* [Assignment]:
Leave the pictures behind and repeat all the entries exactly.

Items listed in a dataset:
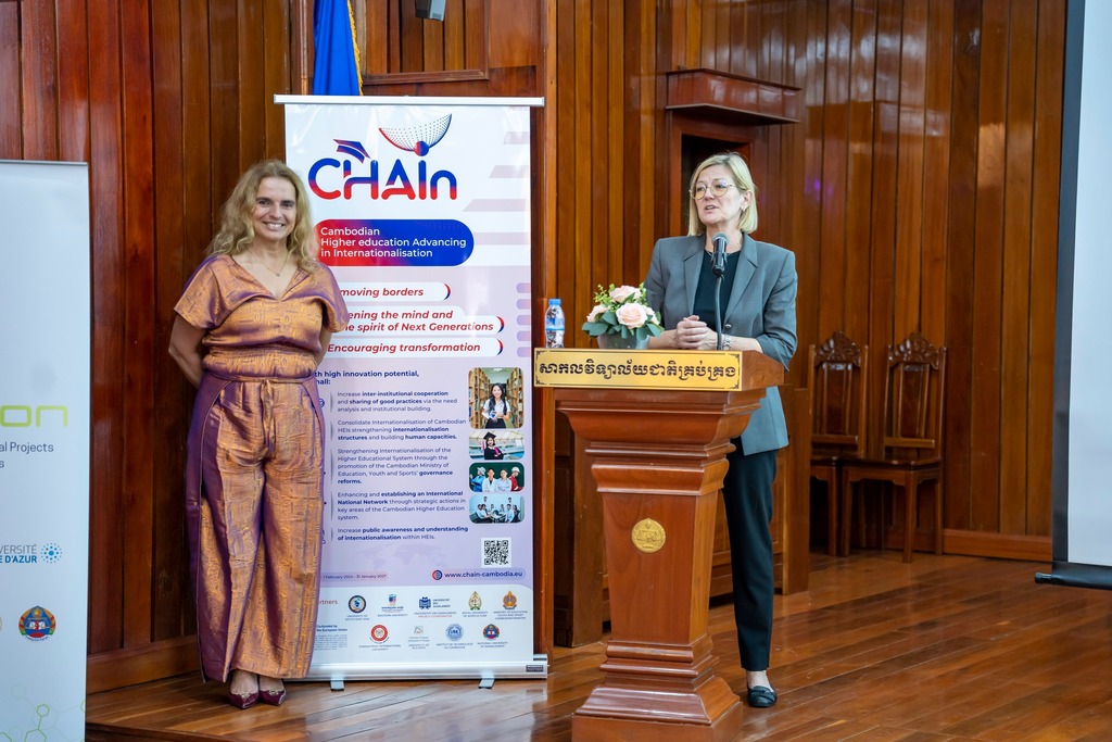 The project teams from ๐๐๐๐ ๐๐ง๐ ๐๐๐๐ at the ๐๐๐ญ๐ข๐จ๐ง๐๐ฅ ๐๐ง๐ข๐ฏ๐๐ซ๐ฌ๐ข๐ญ๐ฒ ๐จ๐ ๐๐๐ง๐๐ ๐๐ฆ๐๐ง๐ญ, as key implementing partners of the CHAIn and UNICATION projects, were honored to support the ๐๐๐ฆ๐๐จ๐๐ข๐ ๐๐๐ญ๐ข๐จ๐ง๐๐ฅ ๐๐ข๐๐ฅ๐จ๐ ๐ฎ๐ ๐จ๐ง "๐๐ข๐ ๐ก๐๐ซ ๐๐๐ฎ๐๐๐ญ๐ข๐จ๐ง ๐ญ๐ก๐ซ๐จ๐ฎ๐ ๐ก ๐๐ง๐ญ๐๐ซ๐ง๐๐ญ๐ข๐จ๐ง๐๐ฅ๐ข๐ณ๐๐ญ๐ข๐จ๐ง ๐๐ง๐ ๐๐จ๐ฆ๐ฆ๐ฎ๐ง๐ข๐๐๐ญ๐ข๐จ๐ง." The event was co-organized by MoEYS and NUM, with support from partner HEIs in Cambodia and Europe, and was held on 17โ18 November 2025 at NUM.
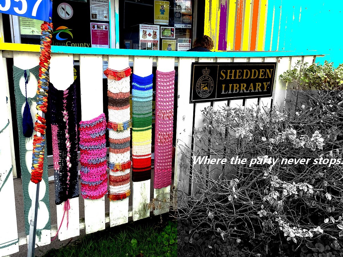 1. The only colour added is the turquoise and yellow up top. The fence is white and the knittery on it is in its true colours. Shedden is a small town in Essex County where I spent the weekend being amused and delighted by many things. It was so what I wasn’t expecting but turned out to be something even more wonderful in its realness and charm. Just before taking this photo a woman came out of the library to adjust a sign and I asked if it was open. At two o’clock, she said, and I asked what time it was now. “Five to two.” And with that she went back inside. Rules you know. I thought her rather cheerless attitude was in such contrast to the look of the place… I didn’t wait the extra five minutes.
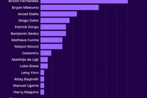 曼聯隊內英超創造機會榜:B費24次、姆伯莫16次、阿瑪德10次
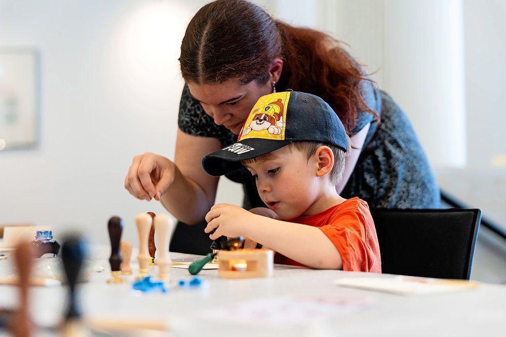 Auch zu lernen und ausprobieren gibt es beim Welterbe-Tag. In der Dombibliothek konnten sich zum Beispiel Jung und Alt an mittelalterlicher Schreib- und Siegelkunst erproben. Der vierjährige Finn Flügge drückt hier gerade den Stempel, mit Hilfe von Mutter Kathrin, ins warme Wachs. Das Team der Dombibliothek war sich vor dem Tag nicht sicher, ob das Angebot für Kinder geeignet ist. Immerhin müssen die Wachsbrocken über offenem Feuer – auch wenn es nur ein Teelicht ist – erhitzt werden. Aber allein am Samstag haben 50 Leute in 90 Minuten daran teilgenommen – ohne, dass etwas passiert ist. Foto: Clemens Heidrich
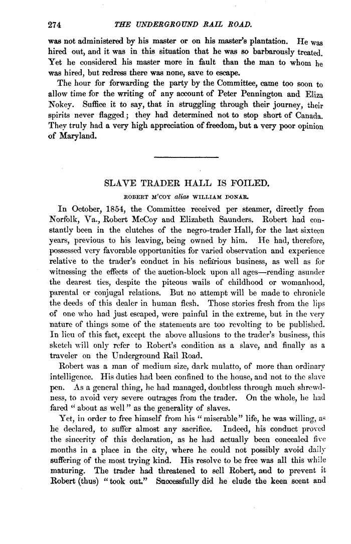 | 274 THE UNDERGROUND RAIL ROAD. was not administered by his master or on his master's plantation. He was hired out, and it was in this situation that he was so barbarously treated. Yet he considered his master more in fault than the man to whom he was hired, but redress there was none, save to escape. The hour for forwarding the party by the Committee, came too soon to allow time for the writing of any account of Peter Pennington and Eliza Nokey. Suffice it to say, that in struggling through their journey, their spirits never flagged; they had determined not to stop short of Canada. They truly had a very high appreciation of freedom, but a very poor opinion of Maryland. SLAVE TRADER HALL IS FOILED. ROBERT M'COY alias WILLIAM DONAR. In October, 1854, the Committee received per steamer, directly from Norfolk, Va., Robert McCoy and Elizabeth Saunders. Robert had constantly been in the clutches of the negro-trader Hall, for the last sixteen years, previous to his leaving, being owned by him. He had, therefore, possessed very favorable opportunities for varied observation and experience relative to the trader's conduct in his nefairious business, as well as for witnessing the effects of the auction-block upon all ages—rending asunder the dearest ties, despite the piteous wails of childhood or womanhood, parental or conjugal relations. But no attempt will be made to chronicle the deeds of this dealer in human flesh. Those stories fresh from the lips of one who had just escaped, were painful in the extreme, but in the very nature of things some of the statements are too revolting to be published. In lieu of this fact, except the above allusions to the trader's business, this sketch will only refer to Robert's condition as a slave, and finally as a traveler on the Underground Rail Road. Robert was a man of medium size, dark mulatto, of more than ordinary intelligence. His duties had been confined to the house, and not to the slave pen. As a general thing, he had managed, doubtless through much shrewdness, to avoid very severe outrages from the trader. On the whole, he had fared " about as well" as the generality of slaves. Yet, in order to free himself from his " miserable" life, he was willing, a? he declared, to suffer almost any sacrifice. Indeed, his conduct proved the sincerity of this declaration, as he had actually been concealed five months in a place in the city, where he could not possibly avoid daily suffering of the most trying kind. His resolve to be free was all this while maturing. The trader had threatened to sell Robert, and to prevent it Robert (thus) " took out," Successfully did he elude the keen scent and |

* [Result]:
 The project teams from ๐๐๐๐ ๐๐ง๐ ๐๐๐๐ at the ๐๐๐ญ๐ข๐จ๐ง๐๐ฅ ๐๐ง๐ข๐ฏ๐๐ซ๐ฌ๐ข๐ญ๐ฒ ๐จ๐ ๐๐๐ง๐๐ ๐๐ฆ๐๐ง๐ญ, as key implementing partners of the CHAIn and UNICATION projects, were honored to support the ๐๐๐ฆ๐๐จ๐๐ข๐ ๐๐๐ญ๐ข๐จ๐ง๐๐ฅ ๐๐ข๐๐ฅ๐จ๐ ๐ฎ๐ ๐จ๐ง "๐๐ข๐ ๐ก๐๐ซ ๐๐๐ฎ๐๐๐ญ๐ข๐จ๐ง ๐ญ๐ก๐ซ๐จ๐ฎ๐ ๐ก ๐๐ง๐ญ๐๐ซ๐ง๐๐ญ๐ข๐จ๐ง๐๐ฅ๐ข๐ณ๐๐ญ๐ข๐จ๐ง ๐๐ง๐ ๐๐จ๐ฆ๐ฆ๐ฎ๐ง๐ข๐๐๐ญ๐ข๐จ๐ง." The event was co-organized by MoEYS and NUM, with support from partner HEIs in Cambodia and Europe, and was held on 17โ18 November 2025 at NUM.
 1. The only colour added is the turquoise and yellow up top. The fence is white and the knittery on it is in its true colours. Shedden is a small town in Essex County where I spent the weekend being amused and delighted by many things. It was so what I wasn’t expecting but turned out to be something even more wonderful in its realness and charm. Just before taking this photo a woman came out of the library to adjust a sign and I asked if it was open. At two o’clock, she said, and I asked what time it was now. “Five to two.” And with that she went back inside. Rules you know. I thought her rather cheerless attitude was in such contrast to the look of the place… I didn’t wait the extra five minutes.
 曼聯隊內英超創造機會榜:B費24次、姆伯莫16次、阿瑪德10次
 Auch zu lernen und ausprobieren gibt es beim Welterbe-Tag. In der Dombibliothek konnten sich zum Beispiel Jung und Alt an mittelalterlicher Schreib- und Siegelkunst erproben. Der vierjährige Finn Flügge drückt hier gerade den Stempel, mit Hilfe von Mutter Kathrin, ins warme Wachs. Das Team der Dombibliothek war sich vor dem Tag nicht sicher, ob das Angebot für Kinder geeignet ist. Immerhin müssen die Wachsbrocken über offenem Feuer – auch wenn es nur ein Teelicht ist – erhitzt werden. Aber allein am Samstag haben 50 Leute in 90 Minuten daran teilgenommen – ohne, dass etwas passiert ist. Foto: Clemens Heidrich
 | 274 THE UNDERGROUND RAIL ROAD. was not administered by his master or on his master's plantation. He was hired out, and it was in this situation that he was so barbarously treated. Yet he considered his master more in fault than the man to whom he was hired, but redress there was none, save to escape. The hour for forwarding the party by the Committee, came too soon to allow time for the writing of any account of Peter Pennington and Eliza Nokey. Suffice it to say, that in struggling through their journey, their spirits never flagged; they had determined not to stop short of Canada. They truly had a very high appreciation of freedom, but a very poor opinion of Maryland. SLAVE TRADER HALL IS FOILED. ROBERT M'COY alias WILLIAM DONAR. In October, 1854, the Committee received per steamer, directly from Norfolk, Va., Robert McCoy and Elizabeth Saunders. Robert had constantly been in the clutches of the negro-trader Hall, for the last sixteen years, previous to his leaving, being owned by him. He had, therefore, possessed very favorable opportunities for varied observation and experience relative to the trader's conduct in his nefairious business, as well as for witnessing the effects of the auction-block upon all ages—rending asunder the dearest ties, despite the piteous wails of childhood or womanhood, parental or conjugal relations. But no attempt will be made to chronicle the deeds of this dealer in human flesh. Those stories fresh from the lips of one who had just escaped, were painful in the extreme, but in the very nature of things some of the statements are too revolting to be published. In lieu of this fact, except the above allusions to the trader's business, this sketch will only refer to Robert's condition as a slave, and finally as a traveler on the Underground Rail Road. Robert was a man of medium size, dark mulatto, of more than ordinary intelligence. His duties had been confined to the house, and not to the slave pen. As a general thing, he had managed, doubtless through much shrewdness, to avoid very severe outrages from the trader. On the whole, he had fared " about as well" as the generality of slaves. Yet, in order to free himself from his " miserable" life, he was willing, a? he declared, to suffer almost any sacrifice. Indeed, his conduct proved the sincerity of this declaration, as he had actually been concealed five months in a place in the city, where he could not possibly avoid daily suffering of the most trying kind. His resolve to be free was all this while maturing. The trader had threatened to sell Robert, and to prevent it Robert (thus) " took out," Successfully did he elude the keen scent and |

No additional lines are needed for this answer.